Teijin Ltd. (3401), Japan’s second-largest synthetic fiber maker, is planning its first U.S. dollar- denominated syndicated loan to take advantage of the lower cost of swapping greenback proceeds into yen.

The company plans to raise 30 billion yen ($385 million) this week, split between dollar- and yen-denominated loans from lenders including Bank of Tokyo-Mitsubishi UFJ Ltd. and Mizuho Corporate Bank Ltd., Chief Financial Officer Yoshihisa Sonobe said Sept. 21 in an interview.
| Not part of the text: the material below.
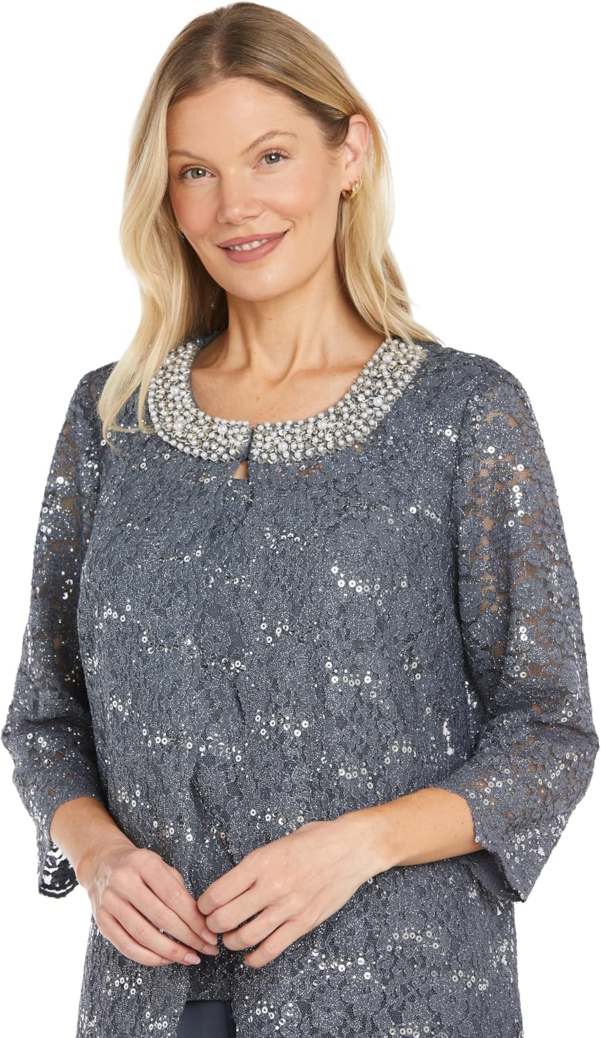 Gracefully tailored for special occasions, this 3-piece outfit effortlessly combines comfort with elegance. The standout feature is the 3/4 sleeve scalloped-edge lace jacket, detailed with pearl trim around the neckline and soft allover sequins. A coordinating sequin tank top and sleek solid pants complete the look, offering a flattering fit that's perfect for any event. Whether you're attending a wedding banquet, or evening celebration, this set brings effortless glamour to your wardrobe.

The funds will be used to repay a yen facility maturing this month, Sonobe said.

Teijin, whose fibers are used in products ranging from bulletproof vests to Airbus SAS’ A380 superjumbo, may seek more loans or sell corporate bonds ahead of schedule to help pay for 100 billion yen it plans to spend each year on capital investments and acquisitions, Sonobe said. The five-year swap rate averaged minus 76 basis points this year, compared with minus 59 in 2011 and minus 39 the year before that, data compiled by Bloomberg show.
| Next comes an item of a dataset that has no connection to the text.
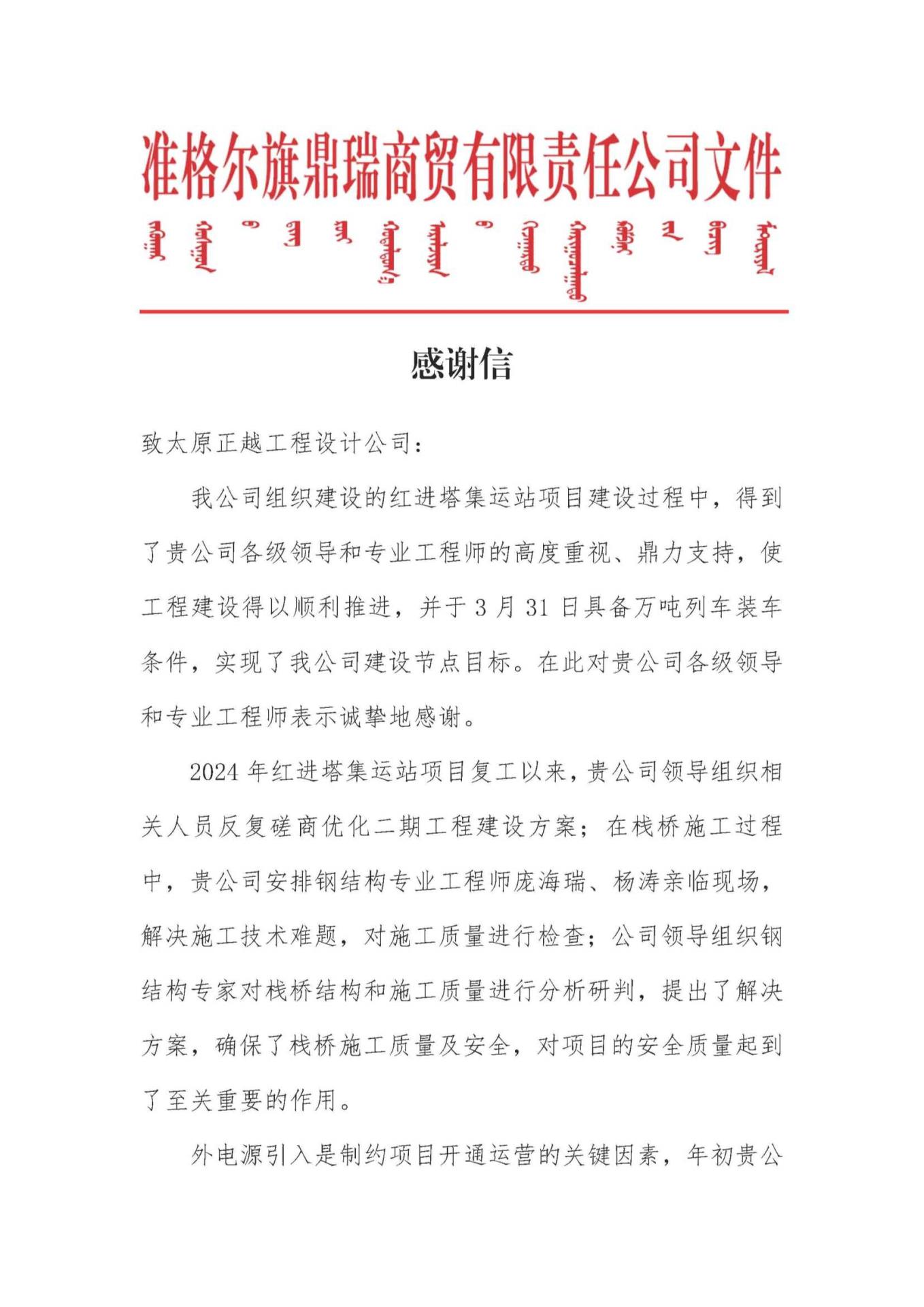 由我司承建的準格爾旗紅進塔集運站項目,因設計部在工程建設過程中的卓越…

“The cost of financing is at a historical low,” Sonobe said. “Our midterm business plan calls for a sizable increase in investments and we are working on a financing structure for a steady supply of funds.”

Borrowers typically use cross-currency basis swaps to exchange floating-rate payments in one currency to another. The Japanese yen basis swap measures the cost of switching interest charges pegged to the dollar London interbank offered rate, or Libor, for rates linked to yen Libor.

Factories, Equipment

The fiber manufacturer paid 0.9 percent on its long-term debt last fiscal year ended March 31, compared with 2.1 percent in the period to March 2008, according to company filings. Teijin had 254.7 billion yen of interest-bearing debt as of the end of June, the company said in a statement last month.

The borrowings include a 30 billion five-year term loan maturing Sept. 27, according to data compiled by Bloomberg. That facility was priced to pay 5.5 basis points more than Libor, the data show.

The Osaka-based company said in August spending on factories and equipment will increase 55 percent to 50 billion yen this fiscal year ending March 2013. Teijin’s mid-term business plan unveiled in February calls for investments in health care operations, such as pharmaceuticals and home nursing care, and carbon fibers and composites, the lightweight materials used in cars and golf club shafts.